CarterJohnsonPiano said:


> @samurai, The Canadian health care system is excellent-the envy of the world. There is little cost to the average citizen, and the system is very cost-effective because the administration process is very simple. Very little healthcare money is spent on advertising, letting the system save money to provide better services. The Americans have nothing like it


That's because America is the "greatest nation on earth". 

Socialism is evil!  So they tell us. :lol:


----------



## Ramako

starthrower said:


> That's because America is the "greatest nation on earth".
> 
> Socialism is evil!  So they tell us. :lol:


No no, evil is socialism . There is a scale with the American constitution at the top, and socialism at the bottom. Good appears somewhere near the top, and evil near the bottom, with the devil just missing out on bottom place, beaten by the likes of Marx, Osama bin Laden and the British Royal Family.

Or is this just a foreigner's cynicism?


----------



## Cnote11

To be fair, the British Royal Family - how can I put this eloquently? - sucks!


----------



## GGluek

It's where I'm moving if the right wing ever takes over down here.


----------



## starthrower

You don't really consider the Obama administration to be leftists, do you?


----------



## GGluek

starthrower said:


> You don't really consider the Obama administration to be leftists, do you?


Not at all, which makes the positions of those who define themselves as rightists all the more alarming.


----------



## starthrower

Well, even Dubya wasn't far right enough for those wackos!


----------



## Ukko

Quebec is Vermont North.


----------



## Turangalîla

Cnote11 said:


> To be fair, the British Royal Family - how can I put this eloquently? - sucks!


The Canadians like the royal family more than the Brits do!


----------



## Lenfer

On behalf of the world I say "*GO! Canada!!*". 


I have *Canadian* friends and they're so nice some times it's annoying. 

I love maple syrup.

What other country has a leaf on it's flag? I can't think of any...

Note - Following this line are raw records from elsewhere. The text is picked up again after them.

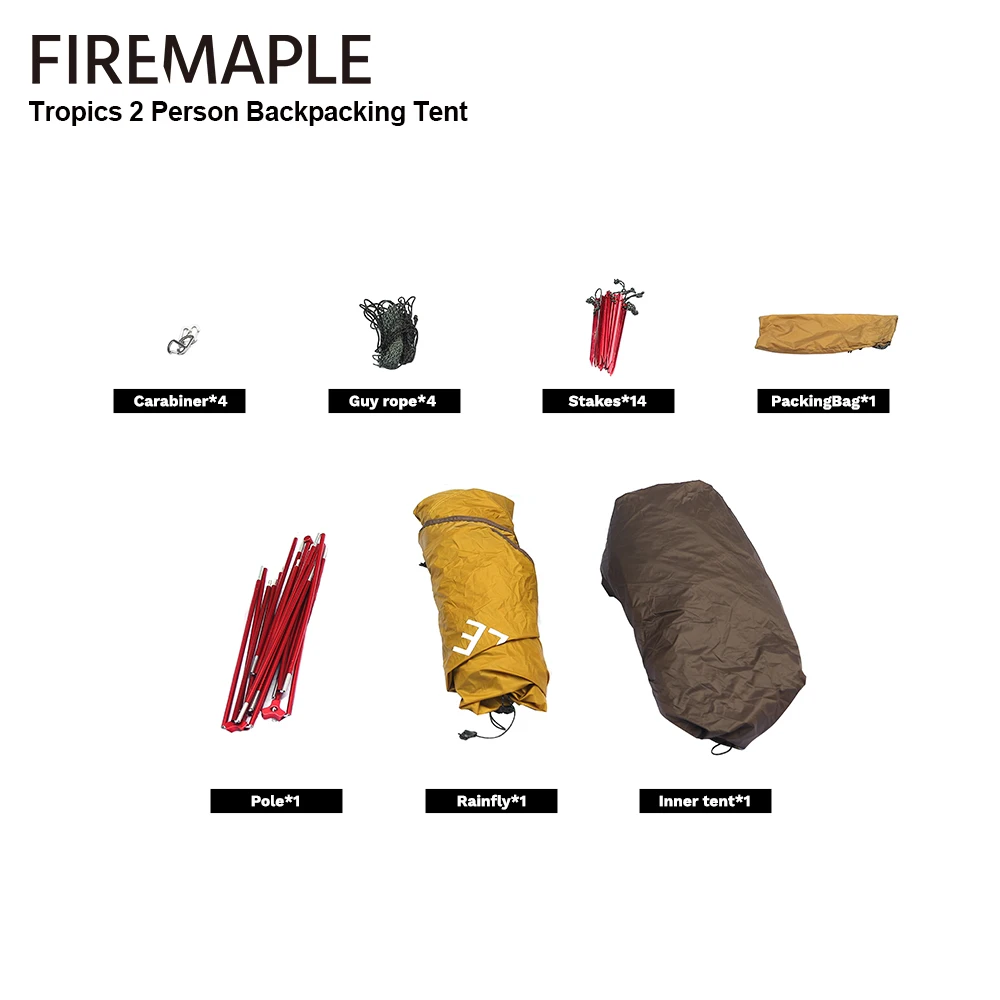 - Included Components: Rainfly* 1, Inner tent*1, Pole*1, Stakes*14, Guy rope*4, Packing Bag*1, Carabiner*4, Patch kit*1
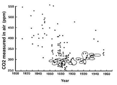 Ezek az adatok azért különösen fontosak, mert nem szelektáltak, és ezért mentesek a szelekciós eljárásokból eredő esetleges torzításoktól, ellentétben a Mauna Loán végzett eljárásokon alapuló CO2-mérésekkel (lásd alább). Megjegyzendő, hogy ezeket a méréseket ipari régiókban végezték, és ha ebben az időszakban egyre nagyobb mennyiségű antropogén CO2 halmozódott volna fel a légkörben, a mérések ezt kimutatták volna.
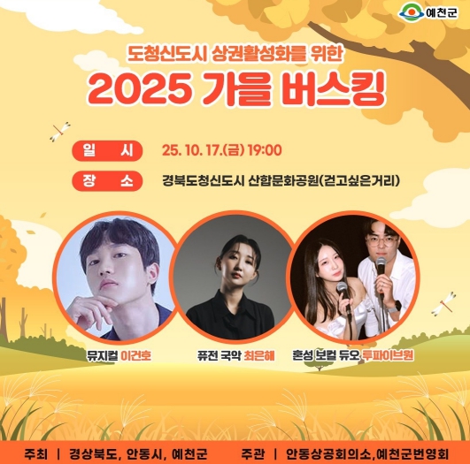 예천군은 17일 오후 7시, 도청신도시 걷고싶은거리에서 ‘가을 버스킹’ 공연을 개최하여 지역 주민들에게 가을밤의 낭만을 선사한다.
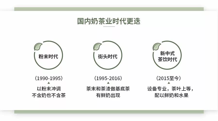奶茶分为三个时代,1990—1995年是奶茶第一个时期,被称为“粉末时代”,国内的奶茶以粉末冲调,一杯奶茶不含奶也不含茶。从21世纪初开始,奶茶进入了街头时代,在制作中开始选择茶基底,但普遍选择的是茶末和茶渣,直到2015年左右,部分品牌才开始选择上等茶叶及水果制作茶饮。

These three reasons should be enough to convince anyone.


----------



## Sid James

CarterJohnsonPiano said:


> I actually had the idea for this thread before I saw jani's similar "culture" one. I am curious as to what Americans, Brits, Australians, Arabs, etc. actually think of Canada and Canadians. There are a few disturbing stereotypes circulating around this earth of ours and I want to know if they are true!
> 
> Discuss!


From an Australian perspective, we have a lot in common with Canada - eg. liking beer, both former colonies of UK, pretty easygoing people, and I think being at risk of being Americanised but (so far, by and large) avoiding it.

So I've got mainly positive opinions of Canada and Canadian people, but I would balk at living there cos of the FREEZING COLD. Now that's a big difference, our weather is literally the polar opposite of yours.


----------



## Turangalîla

Lenfer said:


> On behalf of the world I say "*GO! Canada!!*".
> 
> 
> I have *Canadian* friends and they're so nice some times it's annoying.
> 
> I love maple syrup.
> 
> What other country has a leaf on it's flag? I can't think of any...
> 
> 
> These three reasons should be enough to convince anyone.


Lenfer is my new favourite person for the day! Friend request sent!


----------



## Turangalîla

Sid James said:


> From an Australian perspective, we have a lot in common with Canada - eg. liking beer, both former colonies of UK, pretty easygoing people, and I think being at risk of being Americanised but (so far, by and large) avoiding it.
> 
> So I've got mainly positive opinions of Canada and Canadian people, but I would balk at living there cos of the FREEZING COLD. Now that's a big difference, our weather is literally the polar opposite of yours.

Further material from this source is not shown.